Hybrid sleep in Vista and S0 - S5 explained
Okay it's time for another shameless 'wow - Vista rocks' type blog post. :) So I have a notebook and a desktop that I use with Vista daily. I've never really sat down to investigate 'hybrid sleep' or what it is or how it works until this weekend (I admit - I'm lazy, I've *seen* the option - I've just never used it or thought much of it).

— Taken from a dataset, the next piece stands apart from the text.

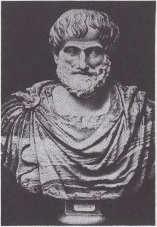 старажытнагрэчаскі філосаф і вучоны-энцыклапедыст. Вучань Платона. У 367—347 удзельнік Акадэміі платонаўскай. З 343 пры двары македонскага цара Філіпа, выхавальнік Аляксандра Македонскага. У 335 стварыў у Афінах філасофскую школу Лікей. У 323 быў абвінавачаны ў злачынстве супраць рэлігіі, пакінуў Афіны. У сваёй навуковай дзейнасці Арыстоцель ахапіў і сістэматызаваў практычна ўсе існуючыя ў антычнасці галіны ведаў. Галоўныя творы Арыстоцеля: «Катэгорыі», «Аналітыкі» 1-я і 2-я, «Метафізіка», «Фізіка», «Гісторыя жывёл», «Пра душу», «Нікамахава этыка», «Палітыка», «Рыторыка», «Паэтыка». У сваёй філасофіі крытыкаваў вучэнне Платона пра ідэі. У аснове быцця бачыў 4 пачаткі: форму, матэрыю, крыніцу руху і мэту. Паводле Арыстоцеля, форма як прынцып рэчы ператварае матэрыю як чыстую магчымасць рэчы ў рэальны, канкрэтны прадмет. Першарухавіком свету і вышэйшай мэтай яго развіцця лічыў Бога. Погляды Арыстоцеля мелі аб’ектыўна-ідэалістычны характар. Працэс пазнання разумеў як рух адчуванняў да універсалій, паколькі «ўсякія навуковыя веды ёсць веды пра агульнае». У касмалогіі стаяў на пазіцыях геацэнтрызму, прызнаваў мэтазгоднасць у жывой прыродзе, апісаў шматлікія віды жывёл. Як палітык быў выразнікам поліснай ідэалогіі: мэта дзяржавы — забеспячэнне шчаслівага жыцця грамадзян, выхаванне ў іх дабрачыннасці. «Добрымі» формамі ўлады лічыў арыстакратыю, манархію, «палітыю» (памяркоўная дэмакратыя), найгоршымі — тыранію, алігархію, ахлакратыю (панаванне натоўпу). У эстэтычных трактатах развіў тэорыю мастацтва, якая збліжаецца з рэалізмам. Вучэнне Арыстоцеля моцна паўплывала на пазнейшае развіццё філасофскай думкі.

Briefly, hybrid sleep is just that - a hybrid between S3 (low power state, power still flowing to RAM) and S4 (hibernate, power off state). For more on what S0, S1, S3, S4 and all those 'sleep state' numbering schemes mean - check out the Intel software blog here: https://softwareblogs.intel.com/2007/01/10/all-about-system-power-states-s0-s5/
Anyhoo, when 'hybrid sleep' is enabled in Vista when you make the machine sleep (by hitting the power button or using the power off thinger on the Start Menu) what happens is the system is placed into a low power sleep (for instant-on type resumes that laptop users are familair with) AND the system state is also stored in the hiberfile.sys file. For geeks this is a hybrid of S3 and S4 states. This way if you have a sleeping PC (S3) and it loses power (i.e. goes to S5) - when power is restored (S0) - it wakes up from the hiberfile.sys like a hibernate resume (S4). :) Cool! In Windows XP sleep and hibernate were two totally separate things - you either slept in 'standby' mode and if the power went out - you were screwed and lost your work - but now in Vista - by default for desktop PCs, hybrid sleep mode is enabled. Now I had actually never witnessed this on my home desktop and certainly never on my notebook - and this is what i wanted to investigate things today.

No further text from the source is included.